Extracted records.
******************************

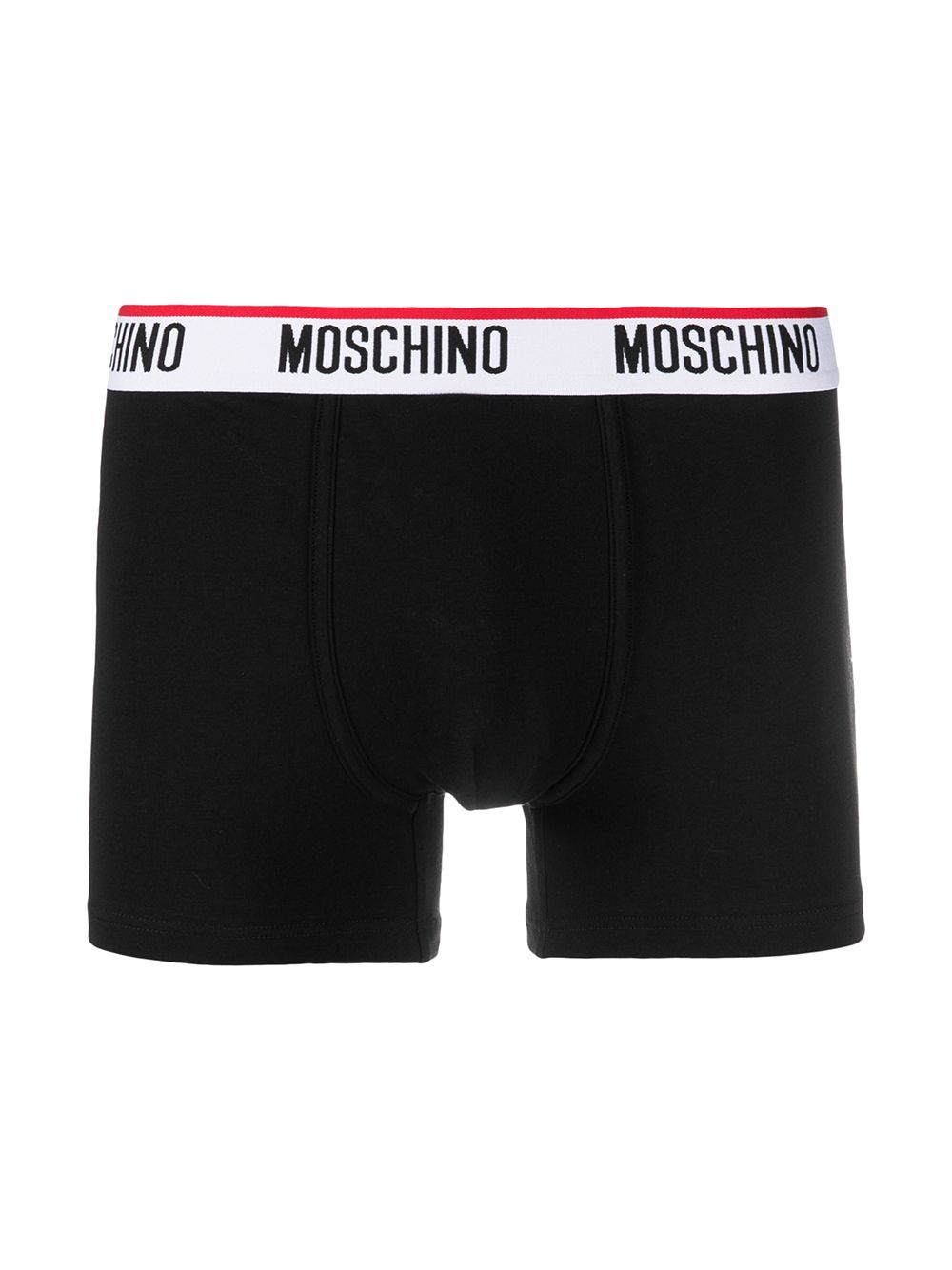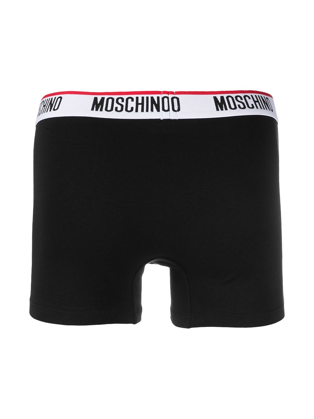 Set Moschino composto da 3 boxer intimi uomo fantasia su base nera, con elastico logato e vestibilità aderente.
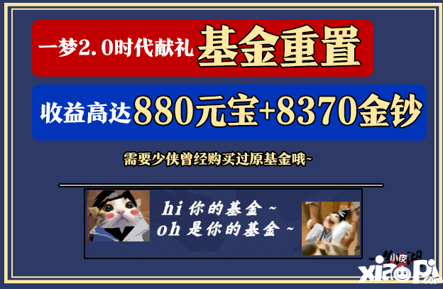 限时千梦基金已经推出!已经购买过重生基金的少侠,可以再购买一次限定的千梦基金,88元享受和重生基金一样880元宝+8370金钞的高额收益!为了让所有处于不同赛季和等级的少侠们都能够享受千梦基金,购买基金后累计登陆7天即可解锁全部金钞收益!
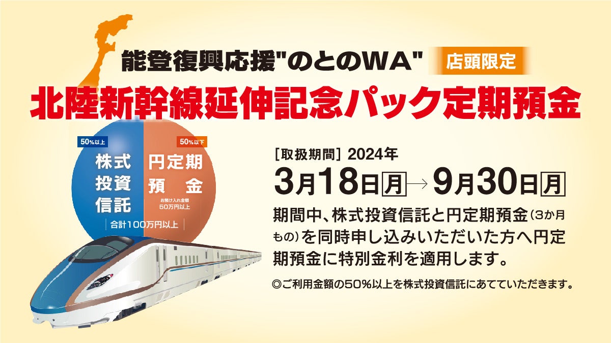 「能登復興応援“のとのWA”北陸新幹線延伸記念パック定期預金」の取扱開始について
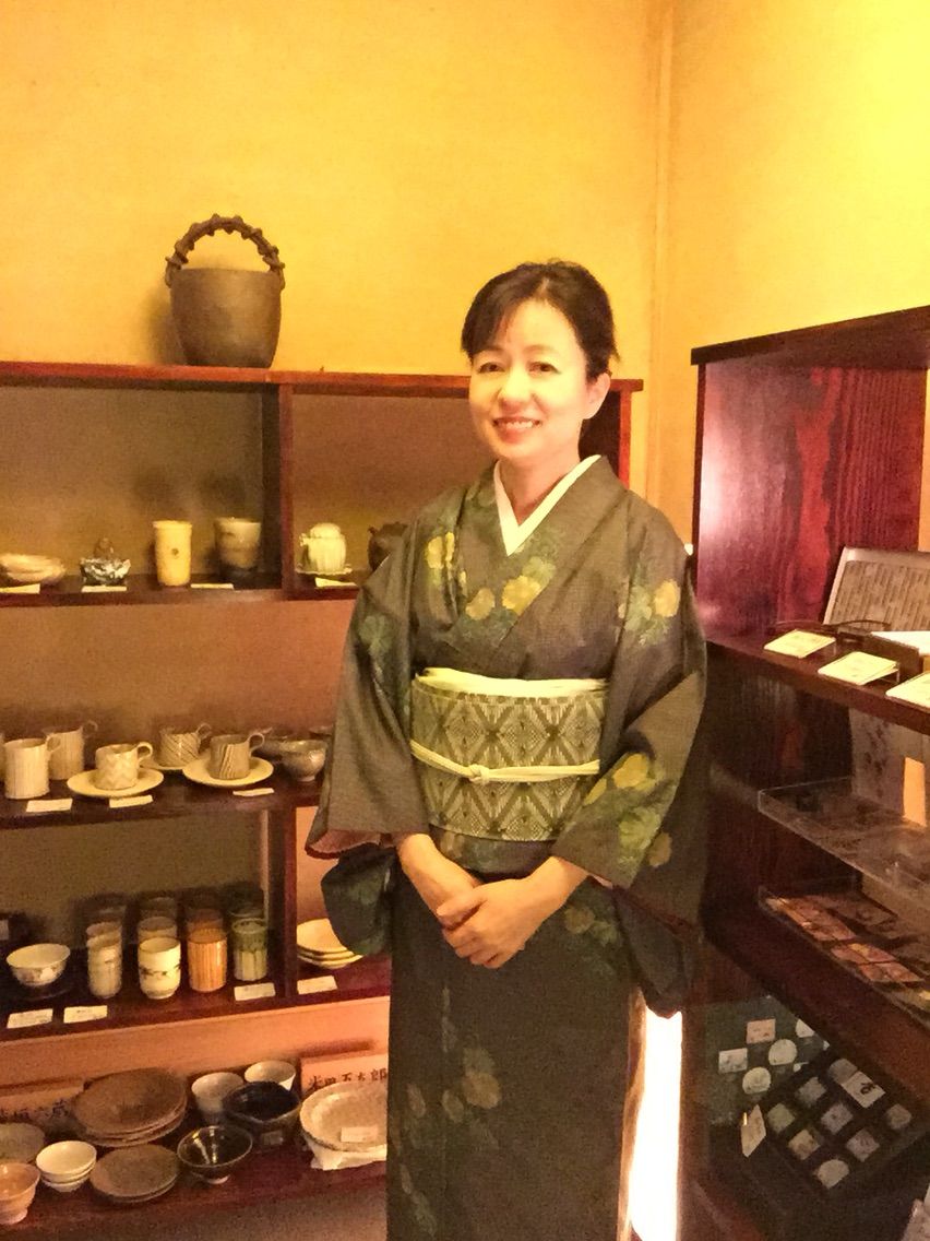 ふきやの売店の棚は 建築家、木島徹さんにお願いして作って頂いた物です 京都で活躍されている木島さんは Casa 12 メイドイン京都カタログに 出ております(P86) お気に入りのこの着物は 菊柄の大島紬 帯は南部型染蛭子屋さんのものです
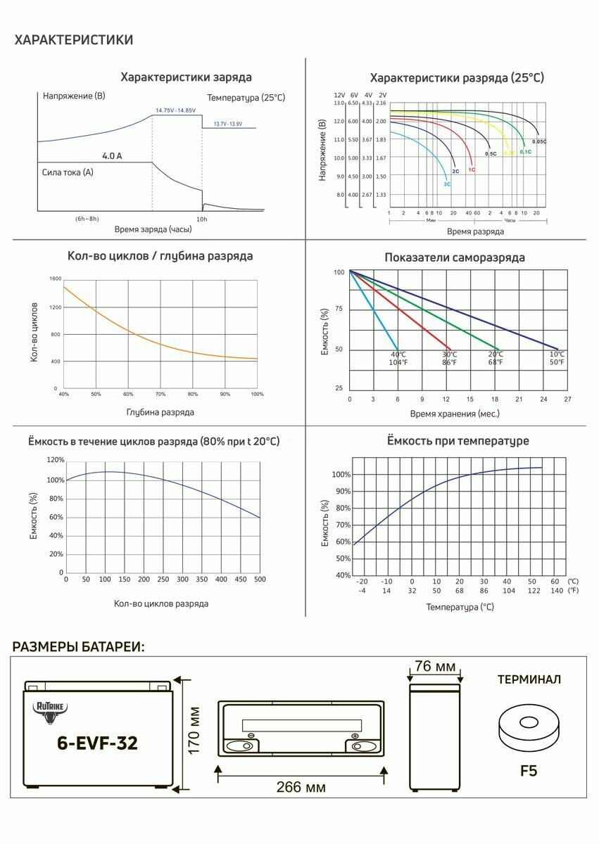 Тяговый аккумулятор Rutrike 6-EVF-32 (12V32A/H C3) интересное:

******************************

Repeat exactly the lines in the entries from the one containing "ふきやの売店の棚は 建築家、木島徹さんにお願いして作って頂いた物です 京都で活躍されている木島さんは" to the final line, inclusive, and nothing beyond them; skip pictures.

 ふきやの売店の棚は 建築家、木島徹さんにお願いして作って頂いた物です 京都で活躍されている木島さんは Casa 12 メイドイン京都カタログに 出ております(P86) お気に入りのこの着物は 菊柄の大島紬 帯は南部型染蛭子屋さんのものです
 Тяговый аккумулятор Rutrike 6-EVF-32 (12V32A/H C3) интересное:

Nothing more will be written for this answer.